— Он взял ее невесомую руку, заглянул в лунные глаза. — Простила?
— Да. Простил? — Она взяла цветы.
— Простил.
— Бог сохраняет все. Я жалела те бедные белые георгины, которыми ты исхлестал свои сапоги.
— Ты не особенно жалостлива. Была… А я — глуп. Человеческая глупость — одно из лучших изобретений высшего разума. Мудрая безошибочность — это же вечная скука, никогда не ошибаться — пытка. В тот день у Гостиного Двора… Ведь все было так просто… Так элементарно просто!
— Если бы… Если бы только знать… — Анна закрепила петлю и встряхнула связанный шарф. — Вот тут есть ниточка, за которую потянуть — и все можно распутать.
— Мы тянули за разные… И запутались сами. Я ведь многое понял… — Гумилев привычно повертел шеей. — Зачем было таскать эти жесткие воротники! — Он сорвал и отбросил крахмальную «удавку». Анна впервые заметила, как тонка и беззащитна его шея, и быстро окутала ее мягким шарфом. Задержалась у самого лица. — Твой цвет — к глазам.

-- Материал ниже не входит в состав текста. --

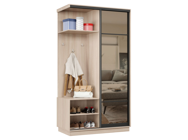 • Прихожая Маршал 11 Стандарт поможет обустроить функциональное входное пространство в малогабаритной квартире. Отделение с полками и крючками позволит аккуратно распределить повседневную одежду, обувь и аксессуары. В отделении с раздвижной дверцей удобно хранить сезонные предметы гардероба. Зеркальный фасад дает возможность в деталях оценить подобранный образ и визуально расширяет помещение.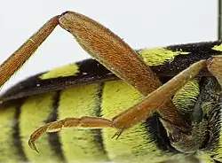 Die Beine sind rotbraun und robuster als bei den Arten der Gattung Clytus, die Schenkel oft angedunkelt. Mittel- und Hinterschenkel sind auf der Unterseite nicht lang abstehend behaart wie bei verwandten Arten (Abb. 4). Die fünfgliedrigen Tarsen erscheinen viergliedrig, da das vierte Glied sehr klein und zwischen den Lappen des dritten Gliedes versteckt ist.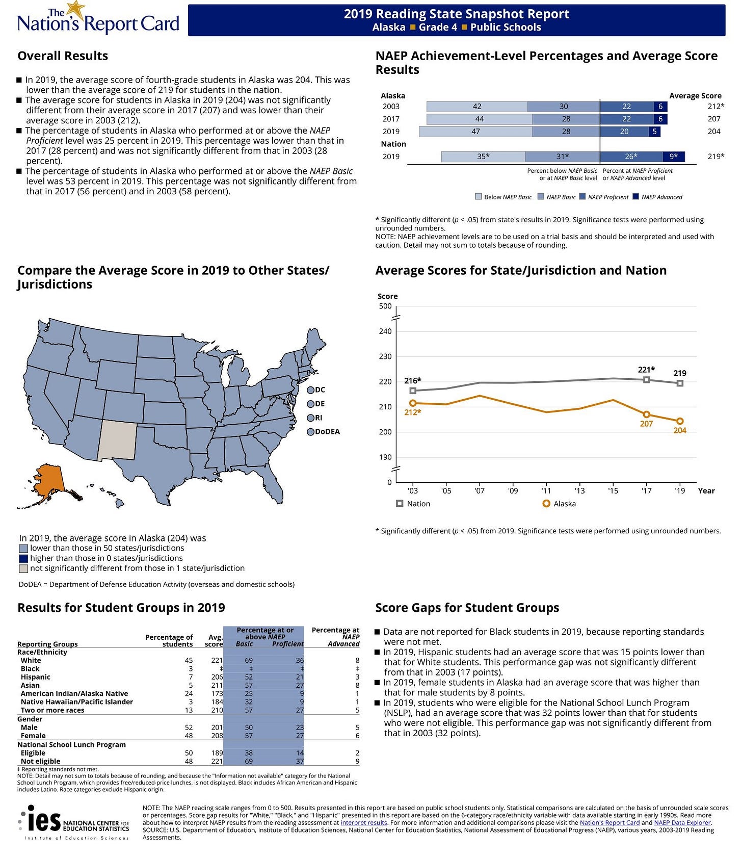 Third grade is a pivotal time in the education of children. Alaska is among the lowest 4th Grade reading scores in the United States.
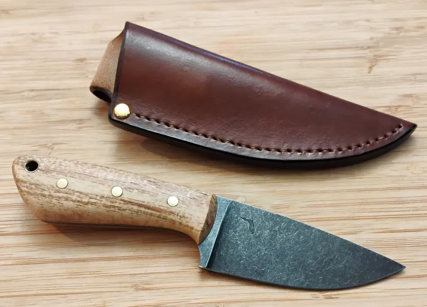 The Pecan 3 Finger Skinner #332 blends traditional craftsmanship with modern function, so every cut feels effortless.  Furthermore, the pecan wood, native to Florida, adds Southern charm, while the stonewashed finish ensures durability and low maintenance. Whether you hunt, camp, or collect, this knife delivers both performance and style. Finally, it includes a custom leather pouch sheath for protection and elegance. Explore more skinning knives at GreBec Knives — where Florida’s beauty meets expert craftsmanship.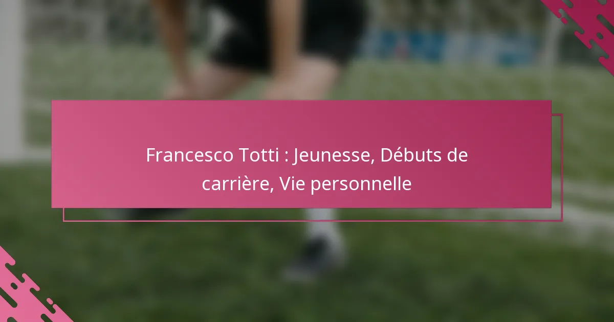 Francesco Totti, né à Rome, a émergé d’un environnement propice qui a alimenté sa passion pour le football dès son jeune âge. Sa carrière a décollé lorsqu’il a rejoint des clubs de jeunes locaux, faisant finalement ses débuts avec l’AS Roma, où il est devenu un joueur célébré. Au-delà du terrain, la vie personnelle de Totti met en avant ses liens familiaux forts et ses efforts philanthropiques, peignant le portrait d’un individu aux multiples facettes. Key sections in the article:…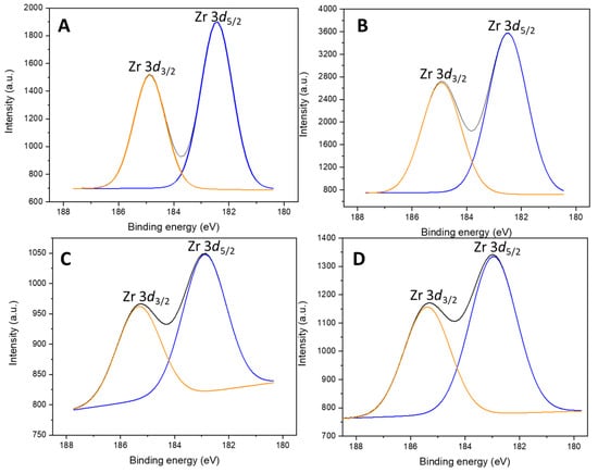 The oxidation state of the Nb and the Zr was also possible to determine through XPS (Table S3, Figure 4 and Figure 5). Irrespective of the support, in the catalysts containing Nb2O5, the only species found was Nb5+, as the Nb 3d doublet at 206 and 210 eV confirmed [,], and in the materials impregnated with zirconium, it showed the characteristic Zr 3d doublet at 183 and 185 eV [,], corresponding to Zr4+ in an oxidic environment.

— Хорошо… Почему я все время делал не то, что было надо?.. Мечтал о набедренной повязке и втискивался в узкие смокинги, до одурения думал о жирафах на озере Чад, жрецах, паладинах «зеленого храма»… Жадно, взахлеб хотел жить и лез на рожон… Искал всю жизнь тебя — тебя! — и бежал прочь!.. А знаешь почему? Просто не мог дотянуться… Или боялся дотянуться. Я же хотел быть великаном, чтобы забыть о том, что пигмей.
— Верно, мне нужен был великан. Великаном был только ты. Разве тогда я могла знать это? Могла знать, что самый главный и нужный был ты. С годами я вспоминала о тебе чаще, чем о других мужчинах. И иначе. Ловила себя на том, что в прожитой жизни меня волнует только то, что касается нас — остальное в тумане. И… знаешь…

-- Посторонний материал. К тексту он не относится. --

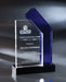 Unique shaped blue/clear crystal award for leadership and achievement.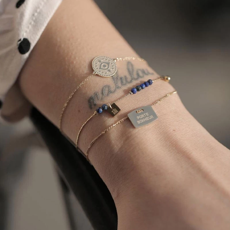Bracelet Stone Lapis Lazuli En Acier Or Jaune – Zag Bijoux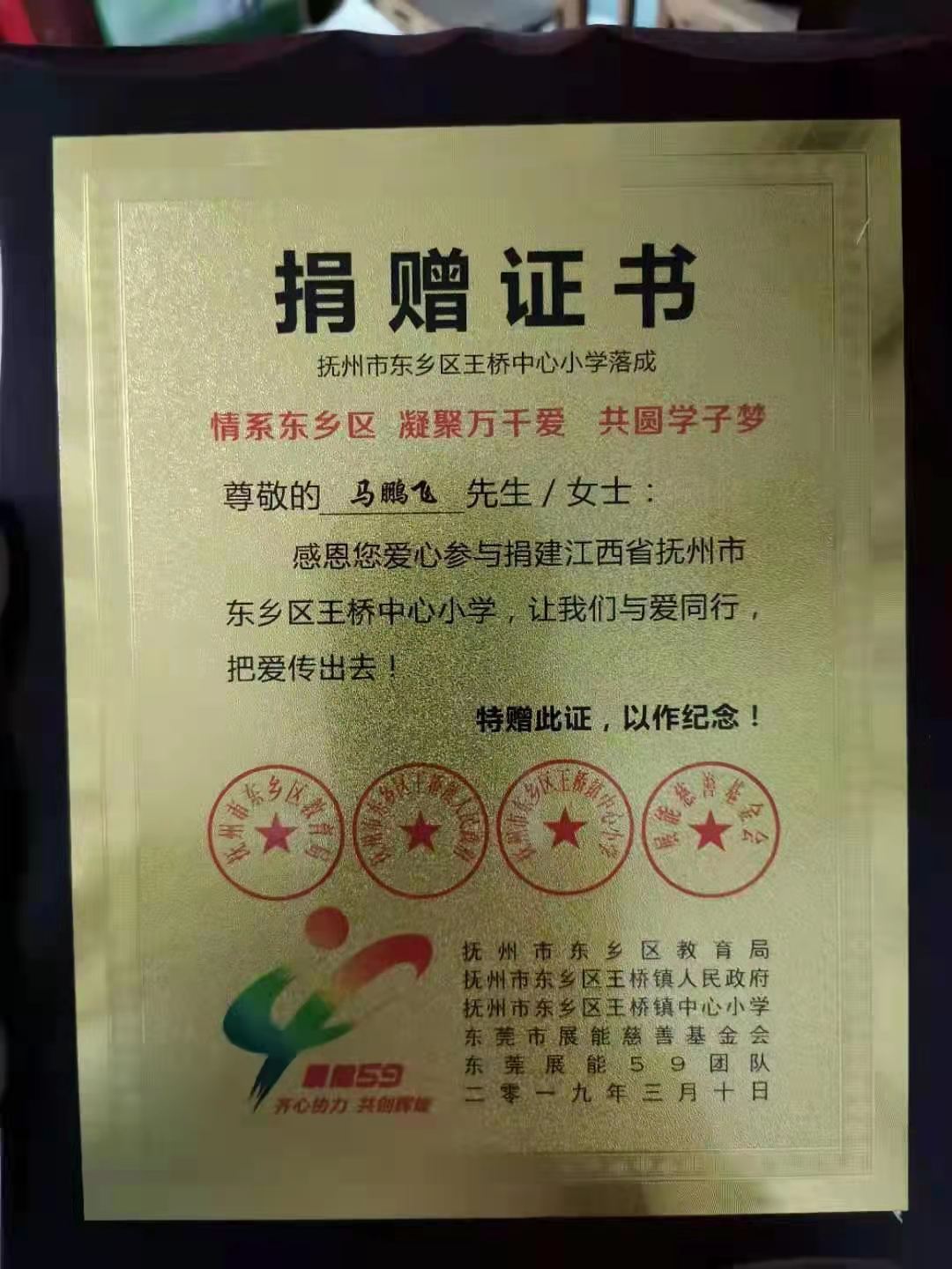 2019年,马鹏飞出资数万元,参与捐建了江西省抚州市东乡区王桥中心小学,凝聚爱心,共圆老区学子梦。3月,抚州市东乡区教育局、抚州市东乡区王桥镇人民政府、王桥镇中心小学,为马鹏飞颁发了捐建证书。

— Знаю. Тот клоун у моря был я. Но в другом… Как объяснить — в другом измерении… Во всей этой многолюдной труппе было только двое актеров — ты и я!
— Так и должно быть. Только мы. — Она положила голову на его плечо с жестким погоном, взяла за руки. — Какая сложная, запутанная жизнь… Теперь покойно… Это вечность, я знаю.
Он молчал, не решаясь заговорить. Долго, долго, мягко и бесшумно падала мелкая искристая крошка. Так бы и сидеть всегда, не разжимая рук.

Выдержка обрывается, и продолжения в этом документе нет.